# REQUIRED ACTION:
Nothing is needed except the lines below that run from the one with "Figur 1. Oversigtskort" through the one with "Den pågældende strækning", repeated exactly.
___ MATERIAL SHOWN ___
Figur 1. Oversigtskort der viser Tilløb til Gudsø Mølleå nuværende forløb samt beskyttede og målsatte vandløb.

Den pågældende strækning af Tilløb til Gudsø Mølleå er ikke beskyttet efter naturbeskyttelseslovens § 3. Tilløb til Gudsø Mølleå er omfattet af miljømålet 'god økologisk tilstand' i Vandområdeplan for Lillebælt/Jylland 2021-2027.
___
___ MATERIAL SHOWN ___
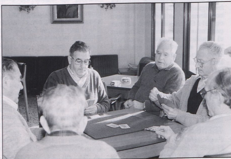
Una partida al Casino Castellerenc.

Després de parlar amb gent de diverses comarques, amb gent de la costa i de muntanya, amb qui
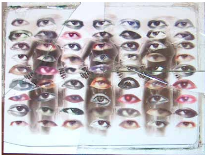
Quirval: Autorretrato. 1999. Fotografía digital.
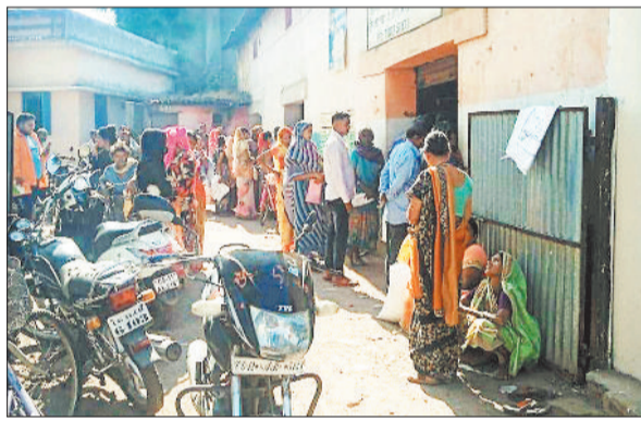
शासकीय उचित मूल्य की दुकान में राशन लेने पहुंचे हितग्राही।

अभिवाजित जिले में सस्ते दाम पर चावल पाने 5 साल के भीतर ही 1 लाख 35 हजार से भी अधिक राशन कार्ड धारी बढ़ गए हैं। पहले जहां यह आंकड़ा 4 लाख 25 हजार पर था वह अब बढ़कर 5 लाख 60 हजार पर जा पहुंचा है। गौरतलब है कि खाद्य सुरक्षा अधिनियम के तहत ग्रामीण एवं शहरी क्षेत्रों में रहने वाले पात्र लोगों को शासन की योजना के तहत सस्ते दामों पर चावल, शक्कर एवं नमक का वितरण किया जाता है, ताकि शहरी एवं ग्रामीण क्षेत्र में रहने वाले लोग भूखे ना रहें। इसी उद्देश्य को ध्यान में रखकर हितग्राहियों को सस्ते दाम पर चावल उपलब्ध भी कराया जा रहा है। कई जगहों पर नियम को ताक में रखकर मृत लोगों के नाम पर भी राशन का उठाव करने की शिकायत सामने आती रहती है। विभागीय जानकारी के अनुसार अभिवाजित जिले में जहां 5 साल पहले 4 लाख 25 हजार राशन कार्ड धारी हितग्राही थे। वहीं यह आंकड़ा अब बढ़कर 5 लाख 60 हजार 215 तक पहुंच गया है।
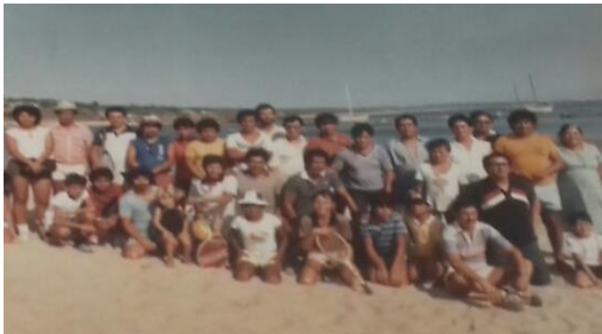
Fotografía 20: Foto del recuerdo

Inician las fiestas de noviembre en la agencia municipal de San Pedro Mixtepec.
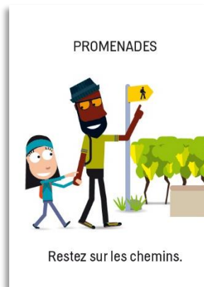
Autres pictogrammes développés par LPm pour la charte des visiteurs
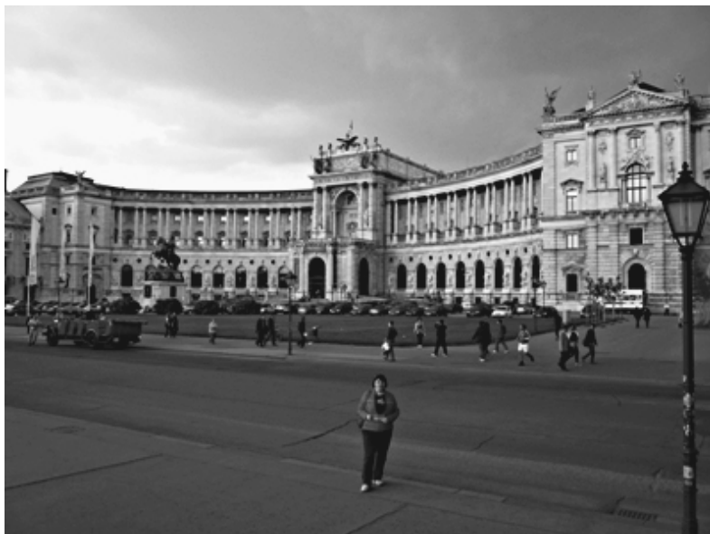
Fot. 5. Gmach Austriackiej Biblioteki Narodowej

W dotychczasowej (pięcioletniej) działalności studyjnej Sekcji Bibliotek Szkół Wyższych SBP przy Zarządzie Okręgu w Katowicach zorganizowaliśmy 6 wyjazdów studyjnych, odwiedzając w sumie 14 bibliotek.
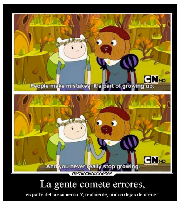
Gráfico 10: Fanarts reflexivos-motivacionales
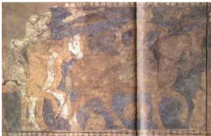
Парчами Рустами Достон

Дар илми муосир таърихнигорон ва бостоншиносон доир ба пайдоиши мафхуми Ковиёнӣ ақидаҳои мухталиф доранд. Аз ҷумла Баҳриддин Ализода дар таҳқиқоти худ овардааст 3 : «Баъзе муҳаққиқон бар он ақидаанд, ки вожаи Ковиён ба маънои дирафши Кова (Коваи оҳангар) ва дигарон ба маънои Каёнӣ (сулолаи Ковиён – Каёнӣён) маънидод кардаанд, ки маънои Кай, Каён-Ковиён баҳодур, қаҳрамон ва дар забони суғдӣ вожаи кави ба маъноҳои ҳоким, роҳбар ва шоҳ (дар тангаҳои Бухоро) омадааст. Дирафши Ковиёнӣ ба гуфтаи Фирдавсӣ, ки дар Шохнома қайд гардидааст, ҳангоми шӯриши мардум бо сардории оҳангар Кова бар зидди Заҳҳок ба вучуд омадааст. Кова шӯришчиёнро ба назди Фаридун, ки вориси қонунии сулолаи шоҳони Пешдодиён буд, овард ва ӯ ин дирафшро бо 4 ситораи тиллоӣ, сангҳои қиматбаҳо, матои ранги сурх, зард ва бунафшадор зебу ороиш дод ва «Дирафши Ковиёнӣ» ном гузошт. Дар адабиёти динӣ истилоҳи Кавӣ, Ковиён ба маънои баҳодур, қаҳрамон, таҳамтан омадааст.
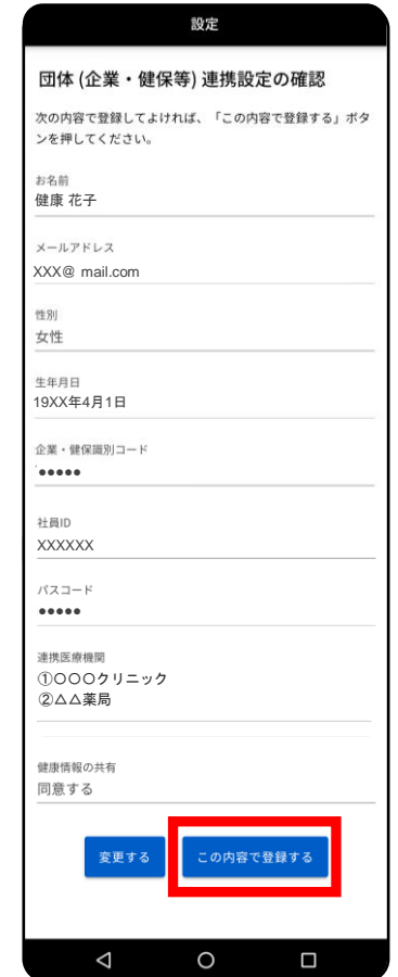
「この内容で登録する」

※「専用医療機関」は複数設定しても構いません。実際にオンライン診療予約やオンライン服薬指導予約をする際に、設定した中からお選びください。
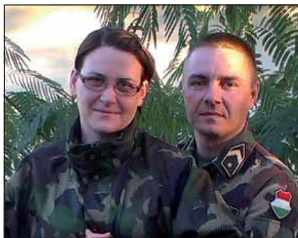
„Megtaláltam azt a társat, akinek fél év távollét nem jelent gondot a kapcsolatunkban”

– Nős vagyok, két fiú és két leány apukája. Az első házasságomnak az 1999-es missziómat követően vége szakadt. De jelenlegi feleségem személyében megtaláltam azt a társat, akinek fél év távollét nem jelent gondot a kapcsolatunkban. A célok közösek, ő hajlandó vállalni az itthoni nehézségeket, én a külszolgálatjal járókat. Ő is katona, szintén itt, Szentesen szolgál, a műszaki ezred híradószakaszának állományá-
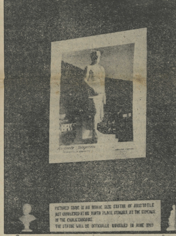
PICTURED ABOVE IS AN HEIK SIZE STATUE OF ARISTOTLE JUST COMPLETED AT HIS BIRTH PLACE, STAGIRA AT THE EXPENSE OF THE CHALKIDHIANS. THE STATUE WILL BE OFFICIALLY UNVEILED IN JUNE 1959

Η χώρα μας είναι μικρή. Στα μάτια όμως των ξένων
___
# SOLUTION BELOW:
Figur 1. Oversigtskort der viser Tilløb til Gudsø Mølleå nuværende forløb samt beskyttede og målsatte vandløb.

Den pågældende strækning af Tilløb til Gudsø Mølleå er ikke beskyttet efter naturbeskyttelseslovens § 3. Tilløb til Gudsø Mølleå er omfattet af miljømålet 'god økologisk tilstand' i Vandområdeplan for Lillebælt/Jylland 2021-2027.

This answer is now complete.